As far as the approach you outlined, it is something that I experimented with, but ultimately found it to be lacking. What you’re suggesting presumes a model where the data is housed within the same table. My need–which ultimately led me to the solution I outlined–was to create a “realized” hierarchy of data out of disparate tables (some of which have parent->child relationships, other which have sibling relationships, etc.). In order to use the method you’ve outlined, I’d have to significantly modify it to allow for dynamic references to table names, joins, etc., and I think it would become quickly muddled.
But on a higher level, one of the reasons I like my approach is that it’s (almost) completely agnostic of the data model and, more importantly, of the data structure in MySQL. In other words, I can spit out whatever I want from MySQL, apply my data model to it, and then pass it to the agnostic method. In this way, I don’t have to modify the table name being used each time, and all of the specificity for any particular result set can be isolated into my model and query files.

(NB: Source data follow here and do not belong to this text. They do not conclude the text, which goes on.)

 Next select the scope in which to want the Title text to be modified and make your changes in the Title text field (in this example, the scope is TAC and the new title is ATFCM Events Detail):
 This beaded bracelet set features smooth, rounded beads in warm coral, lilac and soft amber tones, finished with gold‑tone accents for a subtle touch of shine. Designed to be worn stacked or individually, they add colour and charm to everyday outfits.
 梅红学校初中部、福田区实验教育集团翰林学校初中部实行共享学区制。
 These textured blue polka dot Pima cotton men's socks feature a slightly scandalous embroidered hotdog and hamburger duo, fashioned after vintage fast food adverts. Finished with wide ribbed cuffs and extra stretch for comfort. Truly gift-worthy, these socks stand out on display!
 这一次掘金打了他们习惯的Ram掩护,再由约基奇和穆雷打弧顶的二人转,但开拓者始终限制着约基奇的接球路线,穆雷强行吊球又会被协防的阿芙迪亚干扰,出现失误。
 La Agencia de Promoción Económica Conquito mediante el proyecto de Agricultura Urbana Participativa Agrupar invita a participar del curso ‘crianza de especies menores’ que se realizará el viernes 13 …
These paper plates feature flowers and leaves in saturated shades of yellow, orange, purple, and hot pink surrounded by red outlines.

Re: the broader discussions of performance, I am curious as to which approach would be faster. Some of my datasets have a hierarchy depth of about 5. So let’s say we have 200 records being returned…that’s a lot of queries. In my approach, increasingly-filtered arrays are passed to each subsequent level of the hierarchy. I’m assuming arrays in PHP are generally pretty fast (especially if the array’s domain is progressively shrunk), but that’s just an assumption.

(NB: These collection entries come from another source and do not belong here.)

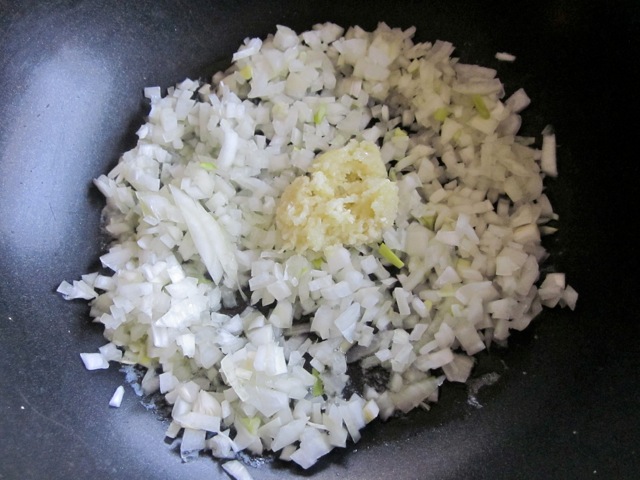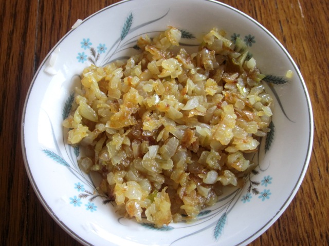 Cook the onions: In the same pan or skillet, melt 1-2 tablespoons butter over medium heat. Stir in onion and garlic, and cook slowly until the onion caramelizes to light brown, about 15 minutes.
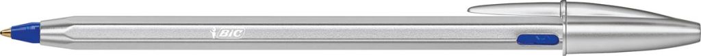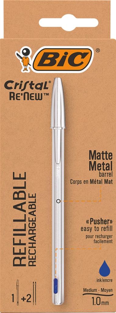 Bic stylo à bille Cristal Re-new, corps argent, encre bleu, boîte de 1 pièce et 2 recharges
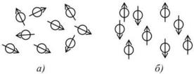 отсутствии (а) и наличии (б) внешнего магнитного поля
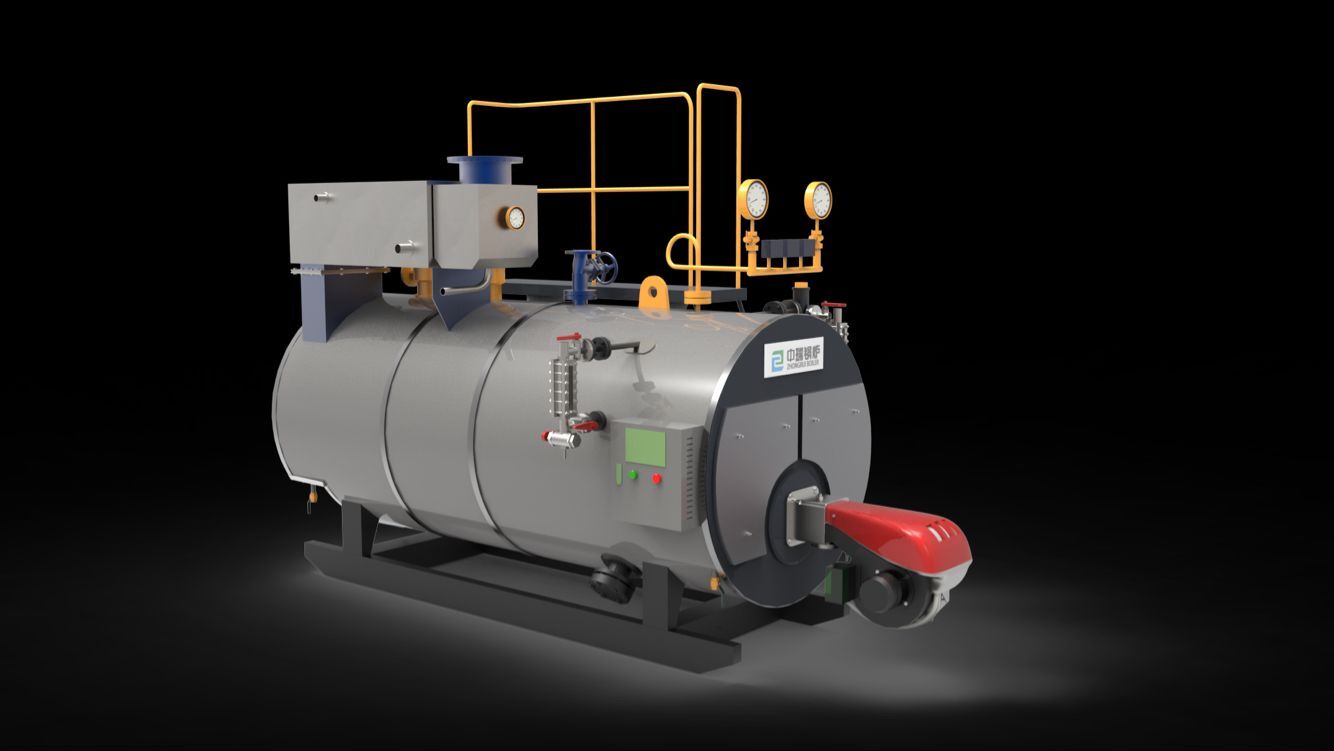 中瑞蒸汽鍋爐為機(jī)電一體化設(shè)備,它由鍋爐本體、燃燒器、電控柜、給水泵及管路閥門(mén)儀表等組成。機(jī)組配套了歐洲原裝進(jìn)口燃燒器,機(jī)組本體采用了臥式內(nèi)燃三回程濕背式的成熟結(jié)構(gòu)形式,燃料(油/氣)從燃燒器經(jīng)壓力霧化高速噴出,在爐膽內(nèi)呈微正壓燃燒,燃燒后的高溫?zé)煔庠跔t內(nèi)輻射換熱后轉(zhuǎn)向進(jìn)入第二回程煙管到前煙箱,再折轉(zhuǎn)180o度進(jìn)入第三回程煙管,經(jīng)后煙箱、冷凝器再排入煙囪進(jìn)入大氣。
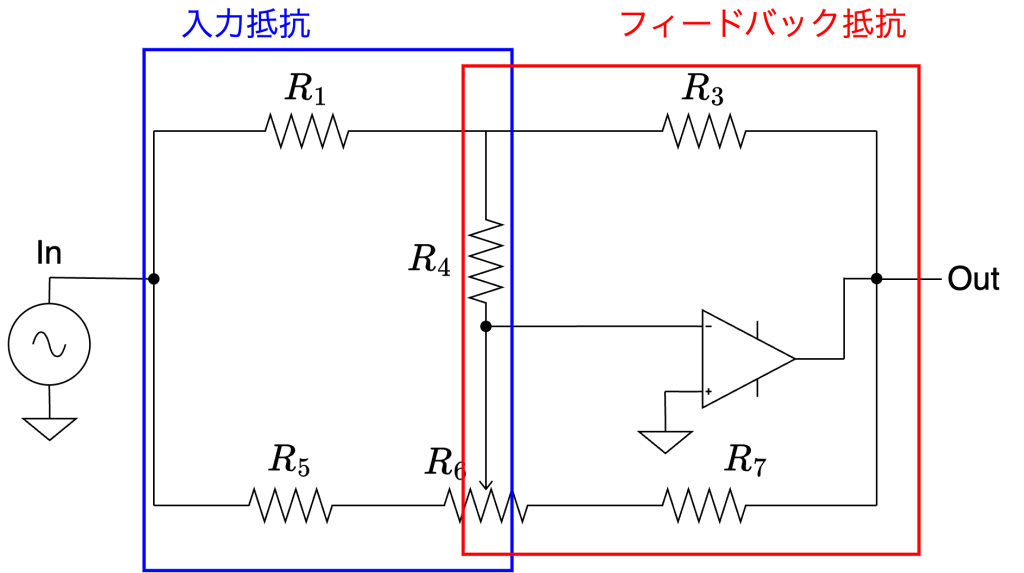 - 青色で囲った部分は、オペアンプの入力抵抗
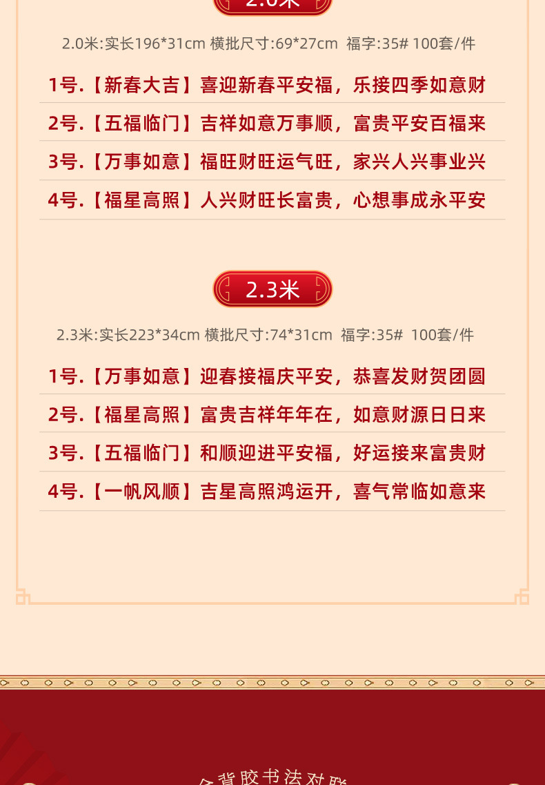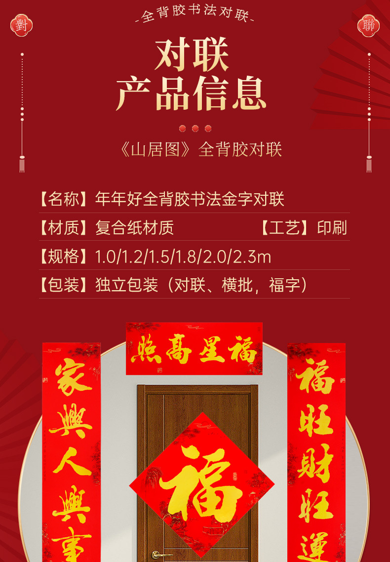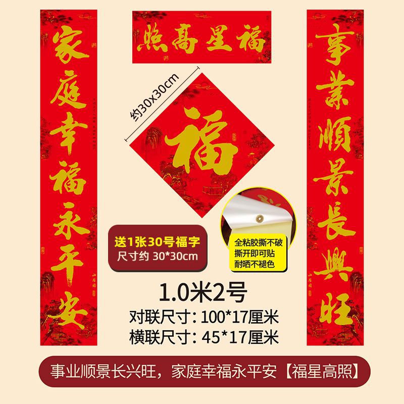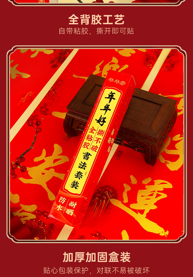 年年好新款春联新年书法金字背胶对联春节大门装饰福字门贴盒装

Obviously, either way there is a lot to process, so would querying and processing a result be faster than working on a filtered array? I have no reason to assume this, but it seems like working with the initial result would be better than dozens and dozens of queries. Perhaps I’ll have to work up an example of the alternate approach and see which performs better.
Thanks again for the input and for stimulating the conversation–look forward to any additional thoughts you might have!
about 12 years ago
I have like 30+ queries to map into complex JSON structures. This is going simplify things greatly. Thanks much!!

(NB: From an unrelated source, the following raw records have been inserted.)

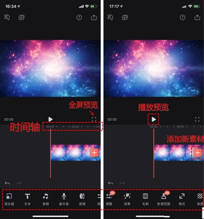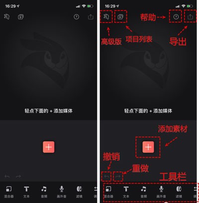 新建项目后,我们就可以在编辑状态的主页面按加号来从手机内添加素材到项目。图里也介绍下主界面的一些基本功能。
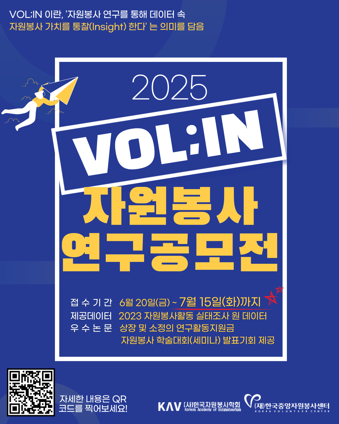 (재)한국중앙자원봉사센터와 (사)한국자원봉사학회는 자원봉사 분야의 전문 연구자를 발굴하고, 데이터 기반의 심층적·다각적 연구를 지원하여 자율적인 자원봉사 연구생태계를 조성하고자 「2025 자원봉사 연구공모전 VOL:IN」을 추진합니다.
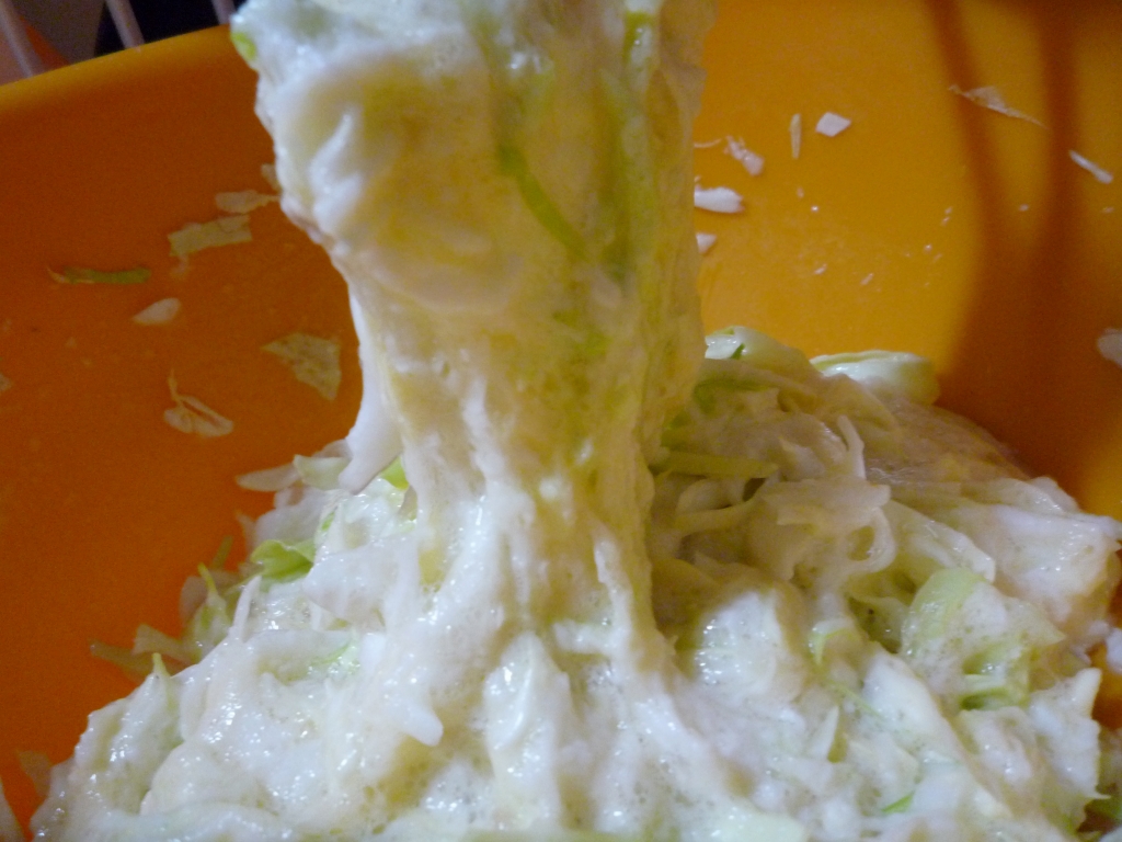 キャベツ4分の1に玉子を2つ、出汁を少々でかき混ぜて、

FYI – pulled the code from your git repo. In your makerowdata function you have $columns[$smodel[$key]] = $row[$key];
should be
$columns[$model[$key]] = $row[$key];
(drop the s off model)
about 12 years ago
Hi Mitch–
Glad it’s helpful to you! Thanks, also, for the heads-up on the typo. I’ve updated the git repo with the change. Best of luck!
about 11 years ago
Mitch,
This is outstanding. I thoughts this up the other day in my head and knew it would be a real task to write it.
You have put this together exactly as I would hope it would exist with recursion allowing it to nest as deeply as you want.
Thanks for this. Great job!
about 11 years ago
Thanks, glad it was helpful!
about 8 years ago
Thank you very much for your code. This snippets helped me a lot. The “model” solution very handy if i have different column. Once more, thank you very much.